Breastfeeding Challenges


One of my biggest fears regarding having a baby was the inability to breastfeed. Thank God that is not the case, but it has definitely been a challenge to successfully breastfeed.

Lila and I didn’t not have the easiest of deliveries and as a result, she was not able to immediately try to breastfeed after birth. In addition, the difficult birth resulted with Lila having a pinched nerve in her left cheek which caused it to sag. My lactation consultant and pediatrician both agree that this made it more difficult for Lila to suck.

After I got stitched up at the midwifery, I attempted to breastfeed Lila with no luck. She showed some interest, but never actually had a successful latch. We left that night with a bottle of donated breast milk and a couple syringes. The midwife taught us how to feed Lila with a syringe while she sucked on our finger. This broke my heart, but I was optimistic that it would only take a few more tries before she was nursing like a pro.

This was not the case.

After two days, Lila was done with the bottle of breast milk and still hadn’t successfully nursed from me. I was pumping what little I could and feeding her that along with the breast milk. I was really starting to get depressed about it and getting really discouraged. Our midwife gave us another bottle of donated milk and told me to meet with a lactation consultant asap. At this point, Lila had already lost 9.5 ounces and was down to 8 pounds.

I was finally able to get a hold of my consultant, Susan Sullivan, that evening and after learning about the situation and her pinched nerve, she suggested that I try a nipple shield. My parents were able to get one for me that night and to my pleasant surprise, Lila latched on perfectly to the nipple shield! This brought me tears of joy I was so happy. Of course, I would want to eventually ditch the shield, but this was the first positive sign of progress.

We stopped using the donated milk and I fed Lila with the shield on for close to 2 days. I didn’t even attempt removing the shield at first because I wanted her to get used to sucking at my breast before changing things on her again. The first time I removed the shield, Lila latched on without a problem. Oh happy day!

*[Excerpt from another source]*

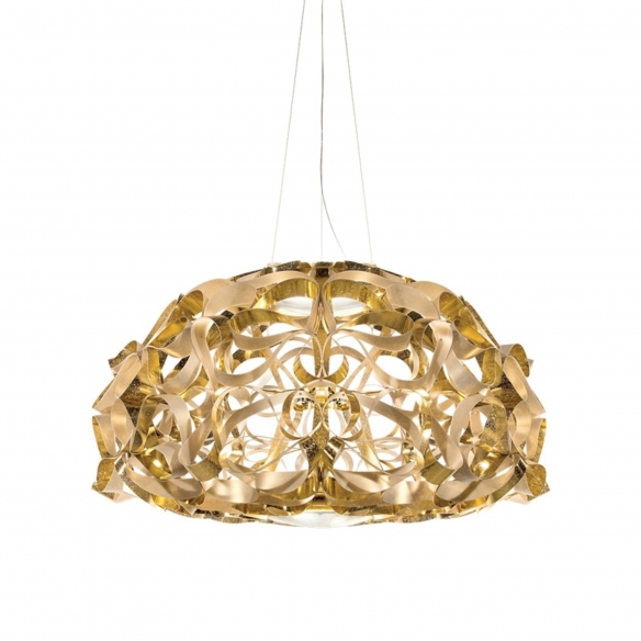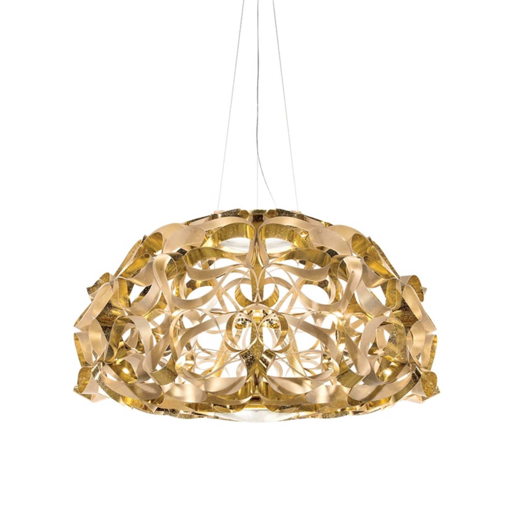 The Quantica 75 pendant lamp is a Slamp creation that transcends simple lighting to become the centerpiece of any room, crafted in Opalflex®. Drawing inspiration from the concept of "quantum entanglement," its shape embodies the interconnection of all cosmic elements. The interplay of light and form gives rise to a dense and luxurious sculpture, fitting for residential, commercial, and professional spaces alike: whether hung in a living room, an office, or within the refined setting of restaurants or elegant waiting rooms, Quantica carries with it a passion and taste for design. The golden texture is achieved with a layer of foil applied to the Opalflex®, lending the piece a radiant and delicate appeal. With this sculpture, Slamp once again proves how design can be both functional and deeply expressive, inviting everyone to explore new dimensions of aesthetics and lighting. Designed by Adriano Rachele for Slamp.

At this point, Lila was close to 4 days old. We had paperwork from our pediatrician that said after 5 days, we could stop forcing Lila to eat after every 2-3 hours and let her tell us when she was hungry as long as she didn’t go longer than 5 hours without eating. Since we had such a rocky start, we shouldn’t have followed this, but we didn’t know. As a result, Lila went 10 days without gaining any weight :( Now we are supplementing formula with most feedings until she is back to birth weight. Her next weight check is on Monday, and the pediatrician is confident that she’ll be at a good weight by then.

When the midwife first told us that we were going to need to supplement with some formula, my heart sank. I didn’t ever want to see that disgusting stuff enter her mouth. I even called the pediatricians that same day hoping that they wouldn’t agree with the midwife, but they did. It was such a hard day for me and I’d cry every time she had to drink it. I felt like I failed her. I’m still sad about it, but doing much better. I’m certain that when we go in for a weight check on Monday that everything will be great and that the pediatrician will tell us to stop the supplementing.

On top of letting her sleep too long between feedings, I have also learned that I wasn’t properly interpreting many of Lila’s cries. I assumed that since I had just finished feeding her, she wasn’t hungry. But I’ve since learned that she’ll often act as though she’s done, but not really be. Now that I’m feeding her more often and learning when she’s hungry, I believe that I could get her weight up without the formula, but we’re feeding it to her anyway because it’s what the pediatrician recommends. We usually only feed it to her for the day feedings though because all three of us are too exhausted for the middle of the night feedings. I absolutely hate waking her up so often. Many times I have to put a cold towel on her to wake her up and it makes me sad to do it to her. By the time I wake her up, feed her, and Dave gives her formula, it’s usually been well over an hour which means the process starts all over again in about another hour. It’s brutal on all of us. And since we believe Lila’s sleep is also important, we have decided to skip the formula in the middle of the night. She still gained 5 ounces in 2 days doing this, so I’m not worried about her not getting enough.

So yeah, breastfeeding has not been easy, but I believe we’ll be pros at it in no time. I’ll keep you posted regarding her weight on Monday!